→ **TASK DESCRIPTION**: Beneath this line are entries. Copy the range from the line with "Täydellinen mekko kesäjuhliin." to the line with "Les fiches sont", ends included, exactly; leave pictures out.

→ **RECORDS SHOWN**:
________________

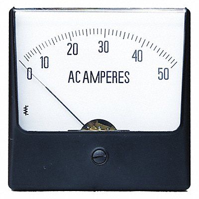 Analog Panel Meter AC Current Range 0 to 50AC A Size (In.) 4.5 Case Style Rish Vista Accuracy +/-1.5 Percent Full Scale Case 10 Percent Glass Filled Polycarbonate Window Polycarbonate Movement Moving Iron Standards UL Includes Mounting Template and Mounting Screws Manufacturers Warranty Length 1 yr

________________

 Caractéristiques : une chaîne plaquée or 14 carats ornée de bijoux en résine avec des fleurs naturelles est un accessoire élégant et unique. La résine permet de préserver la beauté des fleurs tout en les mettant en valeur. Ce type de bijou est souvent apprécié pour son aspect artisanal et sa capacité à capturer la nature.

________________

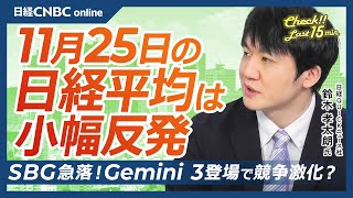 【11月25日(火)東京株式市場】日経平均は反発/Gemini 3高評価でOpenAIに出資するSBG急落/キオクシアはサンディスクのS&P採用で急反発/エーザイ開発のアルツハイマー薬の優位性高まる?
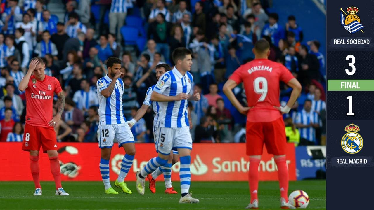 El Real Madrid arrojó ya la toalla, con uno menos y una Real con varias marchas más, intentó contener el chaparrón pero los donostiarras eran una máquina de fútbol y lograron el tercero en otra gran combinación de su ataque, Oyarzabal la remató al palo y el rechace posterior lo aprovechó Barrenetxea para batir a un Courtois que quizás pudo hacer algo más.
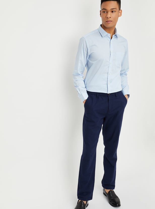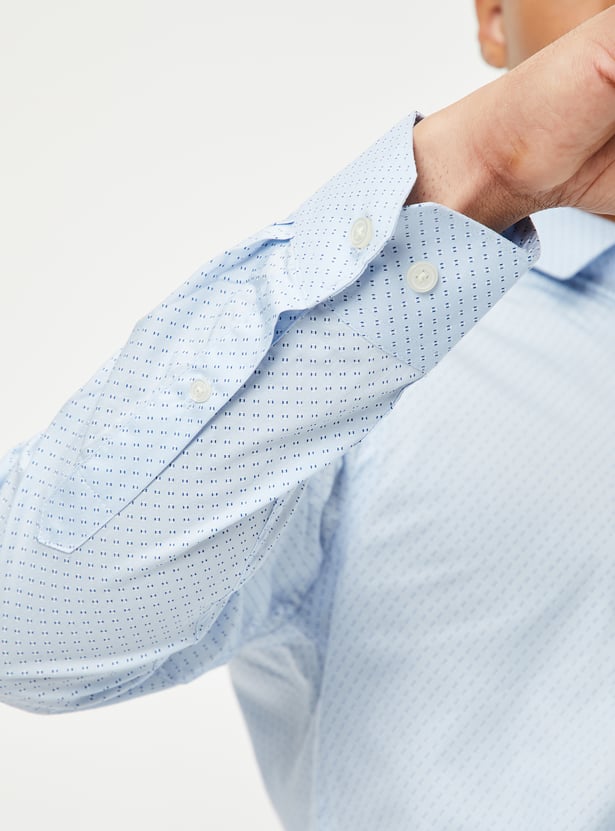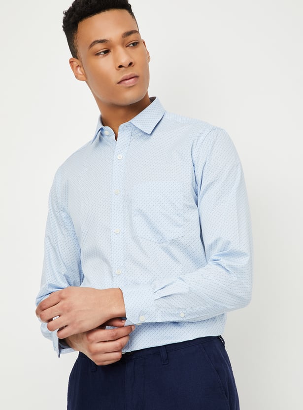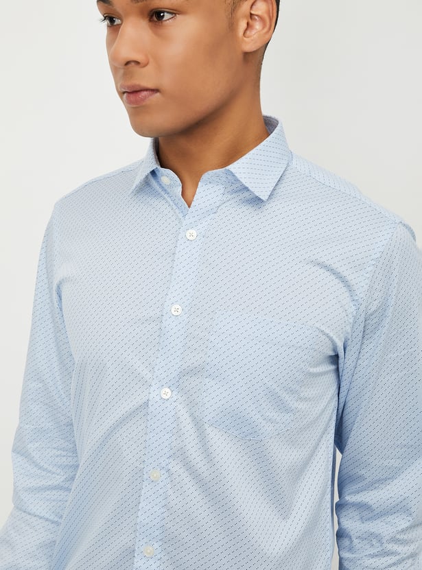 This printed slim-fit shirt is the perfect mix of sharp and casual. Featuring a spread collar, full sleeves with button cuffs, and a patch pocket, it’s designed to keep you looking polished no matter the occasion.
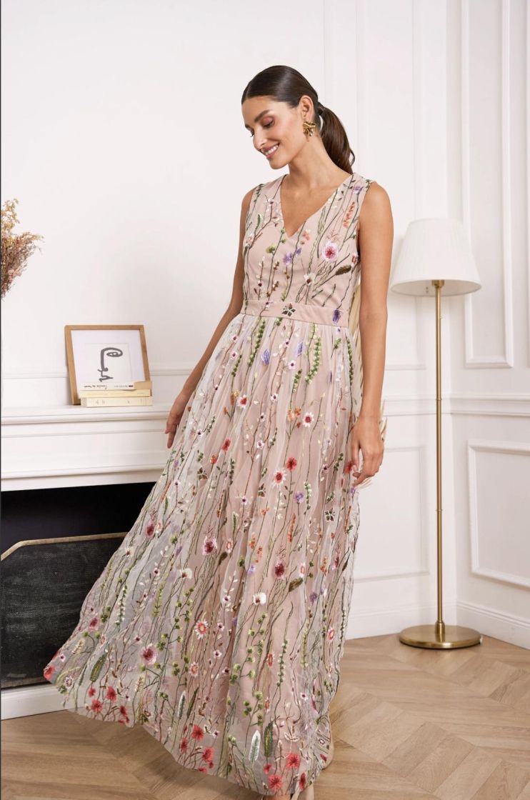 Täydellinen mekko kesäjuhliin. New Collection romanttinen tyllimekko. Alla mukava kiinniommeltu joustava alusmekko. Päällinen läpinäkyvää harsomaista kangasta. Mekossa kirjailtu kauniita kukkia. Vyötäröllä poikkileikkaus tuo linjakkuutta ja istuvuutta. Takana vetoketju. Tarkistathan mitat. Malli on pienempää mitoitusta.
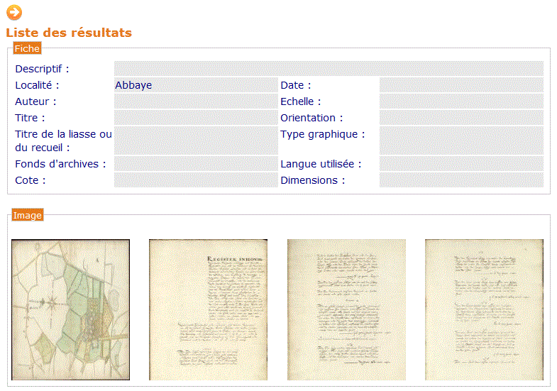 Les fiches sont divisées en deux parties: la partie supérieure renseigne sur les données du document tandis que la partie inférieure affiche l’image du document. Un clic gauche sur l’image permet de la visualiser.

________________

→ **REPLY TO THE TASK**:
 Täydellinen mekko kesäjuhliin. New Collection romanttinen tyllimekko. Alla mukava kiinniommeltu joustava alusmekko. Päällinen läpinäkyvää harsomaista kangasta. Mekossa kirjailtu kauniita kukkia. Vyötäröllä poikkileikkaus tuo linjakkuutta ja istuvuutta. Takana vetoketju. Tarkistathan mitat. Malli on pienempää mitoitusta.
 Les fiches sont divisées en deux parties: la partie supérieure renseigne sur les données du document tandis que la partie inférieure affiche l’image du document. Un clic gauche sur l’image permet de la visualiser.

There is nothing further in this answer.